Would you please return the data below verbatim, without its pictures?

◆ **Data**:
- - - - -

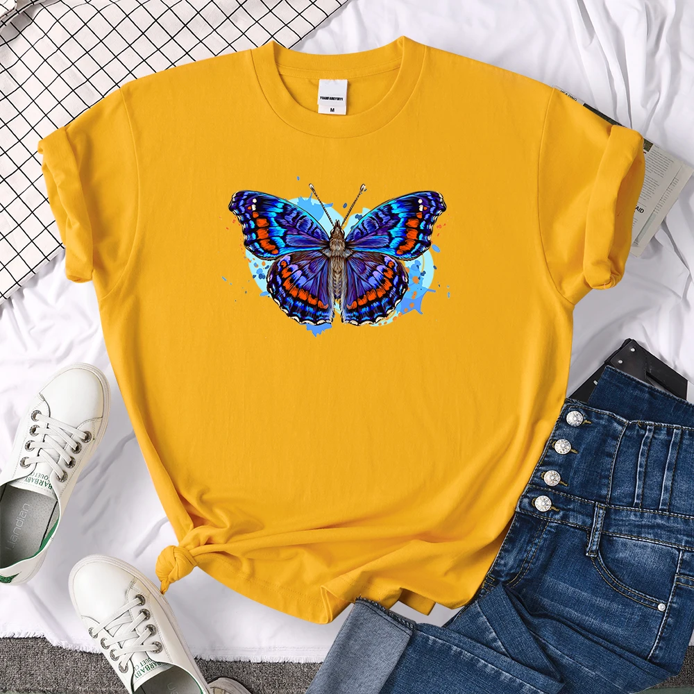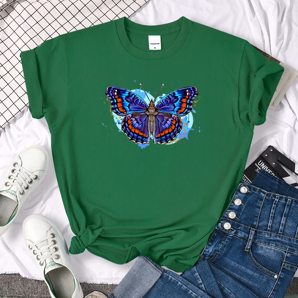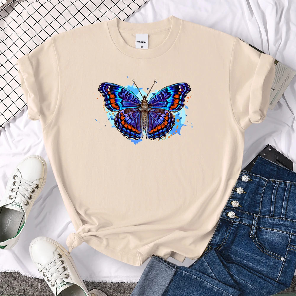Уличная мода, стильная брендовая одежда с принтом бабочек, брендовые топы с круглым вырезом, летние модные футболки, повседневные женские футболки оверсайз
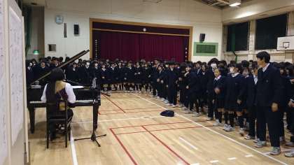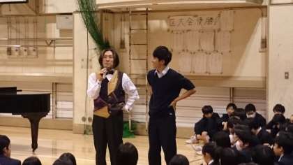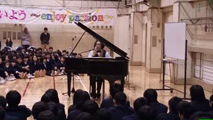 PTAの第3回家庭教育学級と合同で、音楽家の宮川彬良さんをお招きして、すばらしい演奏と楽しい講演をしていただきました。
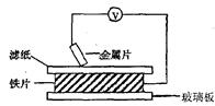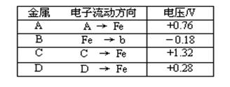 5、填空题 将洁净的金属片A、B 、C、D 分别放置在浸有盐溶液的滤纸上面并压紧(如图所示)。在每次实验时,记录电压指针的移动方向和电压表的读数如右表所示:

- - - - -

◆ **Written response**:
Уличная мода, стильная брендовая одежда с принтом бабочек, брендовые топы с круглым вырезом, летние модные футболки, повседневные женские футболки оверсайз
 PTAの第3回家庭教育学級と合同で、音楽家の宮川彬良さんをお招きして、すばらしい演奏と楽しい講演をしていただきました。
 5、填空题 将洁净的金属片A、B 、C、D 分别放置在浸有盐溶液的滤纸上面并压紧(如图所示)。在每次实验时,记录电压指针的移动方向和电压表的读数如右表所示:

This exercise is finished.